Since David H. has challenged his alleged paternity of the subject child, inter alia, on the ground of the doctrine of equitable estoppel, the matter should not have been determined by the Support Magistrate but, rather, transferred to a Family Court Judge (see Family Ct Act § 439[a]).

In addition, a "child born during marriage is presumed to be the biological product of the marriage and this presumption has been described as one of the strongest and most persuasive known to the law" (Matter of Barbara S. v Michael I., 24 AD3d 451, 452 [internal quotation marks omitted]; see Matter of Findlay, 253 NY 1, 7; Matter of Walker v Covington, 287 AD2d 572; Murtagh v Murtagh, 217 AD2d 538, 539; David L. v Cindy Pearl L., 208 AD2d 502, 503). However, the notion that the presumption of legitimacy is conclusive, such that a "court would not listen to evidence casting doubt on [the] paternity" of a married woman's husband, was rejected long ago, as recognized by the Court of Appeals in Matter of Findlay (253 NY at 7). Rather, the presumption "may be rebutted by clear and convincing evidence excluding the husband as the father or otherwise tending to disprove legitimacy" (Matter of Barbara S. v Michael I., 24 AD3d at 452; see Matter of Findlay, 253 NY at 7; Matter of Walker v Covington, 287 AD2d at 572; Murtagh v Murtagh, 217 AD2d at 539). Thus, the Support Magistrate erred in summarily determining that the petitioner could not, as a matter of law, prosecute a paternity action where the child presumptively had a father, i.e., the petitioner's husband.

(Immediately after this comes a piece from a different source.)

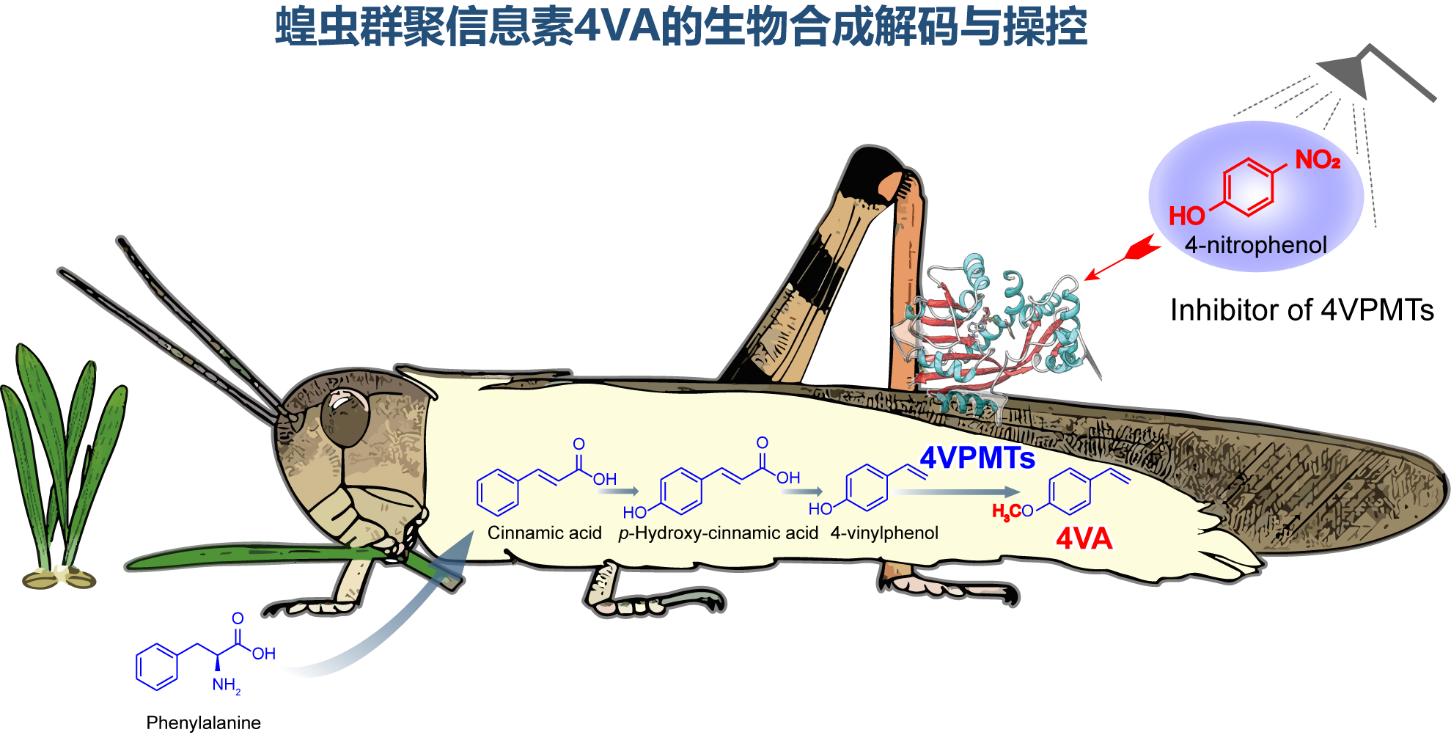 蝗虫群聚信息素4VA的生物合成解码与操控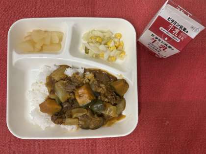 今日の給食は、「夏野菜のカレーライス・サワーソテー・洋なし(カット缶)・ごはん・牛乳」でした。

Moreover, the Family Court erred in determining that the petition was premature because no application was made to "vacate" the paternity of Charles S. Charles S. has never acknowledged his paternity of the subject child (see Family Ct Act § 516-a; Matter of Miskiewicz v Griffin, 41 AD3d 853), and neither he nor the petitioner ever conceded, in any other manner, that he is the subject child's father. Accordingly, the issues raised by the petitioner were properly before the Family Court in this paternity proceeding, and were ripe for review (see Matter of Vilma J. v William L., 151 AD2d 758). The Family Court, therefore, should have granted the petitioner's objections to the Support Magistrate's order.

PRUDENTI, P.J., FISHER, MILLER and LOTT, JJ., concur.